[Exercise instructions]
Set down again exactly the lines of the listing below that fall between the line holding "To fill the" and the line holding "Glädjespridaren Cocos, en", inclusive.

[Provided material]
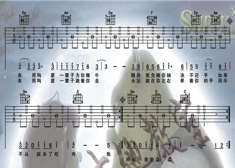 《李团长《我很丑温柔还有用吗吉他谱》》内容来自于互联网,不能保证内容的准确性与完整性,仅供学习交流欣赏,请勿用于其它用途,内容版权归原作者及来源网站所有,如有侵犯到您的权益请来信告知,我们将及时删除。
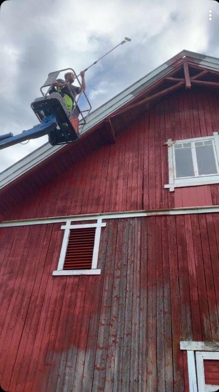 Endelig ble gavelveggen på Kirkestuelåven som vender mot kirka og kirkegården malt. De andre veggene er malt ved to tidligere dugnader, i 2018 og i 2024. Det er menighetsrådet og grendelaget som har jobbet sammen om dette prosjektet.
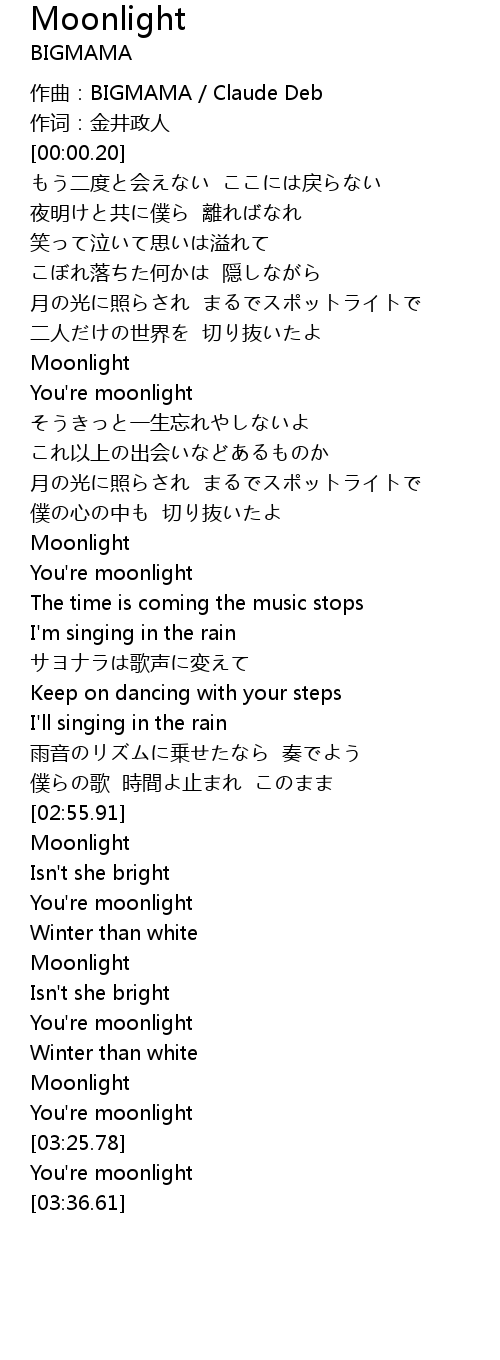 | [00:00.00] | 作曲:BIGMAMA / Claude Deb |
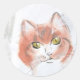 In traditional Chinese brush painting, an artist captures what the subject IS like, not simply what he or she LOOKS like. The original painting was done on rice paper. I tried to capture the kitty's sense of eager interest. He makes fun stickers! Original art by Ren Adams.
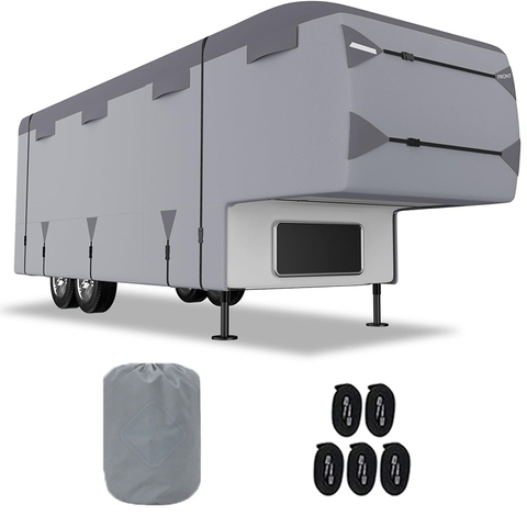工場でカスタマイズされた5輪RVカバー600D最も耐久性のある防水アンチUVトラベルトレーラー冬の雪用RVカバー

---

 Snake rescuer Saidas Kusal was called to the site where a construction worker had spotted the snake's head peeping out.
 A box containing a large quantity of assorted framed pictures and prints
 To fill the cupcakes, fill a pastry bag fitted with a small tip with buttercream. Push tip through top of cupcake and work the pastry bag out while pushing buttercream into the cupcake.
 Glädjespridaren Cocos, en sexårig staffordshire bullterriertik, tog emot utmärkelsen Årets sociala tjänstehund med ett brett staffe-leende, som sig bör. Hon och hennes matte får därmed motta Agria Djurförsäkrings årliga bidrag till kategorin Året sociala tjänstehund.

[Exercise solution]
 To fill the cupcakes, fill a pastry bag fitted with a small tip with buttercream. Push tip through top of cupcake and work the pastry bag out while pushing buttercream into the cupcake.
 Glädjespridaren Cocos, en sexårig staffordshire bullterriertik, tog emot utmärkelsen Årets sociala tjänstehund med ett brett staffe-leende, som sig bör. Hon och hennes matte får därmed motta Agria Djurförsäkrings årliga bidrag till kategorin Året sociala tjänstehund.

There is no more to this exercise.